However, as a result of the significant restructuring actions that were
implemented over the previous years, and the increasing age of vehicles
currently on the road, we expect that the U.S. domestic OEMs and their suppliers
will continue to capitalize on these increased volumes and provide improved
financial performance as the industry recovers.
GLOBAL AUTOMOTIVE PRODUCTION The trend toward the globalization of automotive
production continues to intensify in regions such as Asia (particularly China,
India, South Korea and Thailand), Eastern Europe and South America. Automotive
production in these regions is expected to continue to grow while production in
the traditional automotive production centers such as North America, Western
Europe and Japan are continuing to improve from recent declines. We have
significantly increased our global installed capacity to support current
programs and future opportunities while reducing our installed capacity in the
U.S. We have expanded our facilities in Brazil, Mexico and Poland, constructed
new facilities in India, Mexico and Thailand and increased our investment in our
China joint venture. We also have offices in Brazil, China, Germany, India,
South Korea and Sweden to support these developing markets. We expect our
business activity in these markets to increase significantly over the next
several years. Approximately 40% of our new and incremental business backlog is
for end use markets outside the U.S. and approximately 65% has been sourced to
our manufacturing facilities outside the U.S.

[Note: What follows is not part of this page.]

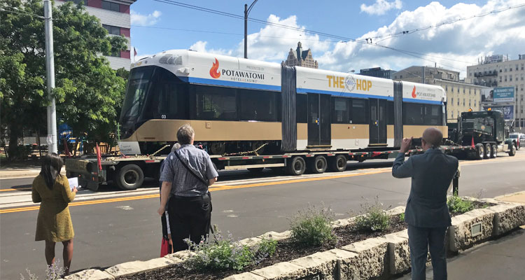 And here’s a picture of the third Milwaukee streetcar. The other two Milwaukee streetcars are currently track-deep in test runs, and the full system is expected to be up and running by the end of the year. Oh, and it’s still called “The Hop.”

STEEL AND OTHER METALLIC COMMODITIES Worldwide commodity market conditions have
resulted in volatile steel and other metallic material prices. As general
economic conditions have improved and production levels increased in 2012,
demand for these commodities has grown and prices have risen. We have taken
actions to mitigate the impact of this trend through commercial agreements with
our customers, strategic sourcing arrangements with suppliers and technology
advancements that result in using less metallic content or less expensive
metallic content in the manufacturing of our products. The majority of our sales
contracts with our largest customers provide price adjustment provisions for
metal market price fluctuations. We do not have metal market price provisions
with all of our customers for all of the parts that we sell. We also have agreed
to share in the risk of metal market price fluctuations in certain customer
contracts. As a result, we may experience higher net costs for raw materials.
These cost increases would come in the form of metal market adjustments and base
price increases. We currently have contracts with our steel suppliers that
ensure continuity of supply to our principal operating facilities in North
America. We also have validation and testing capabilities that enable us to
strategically qualify steel sources on a global basis.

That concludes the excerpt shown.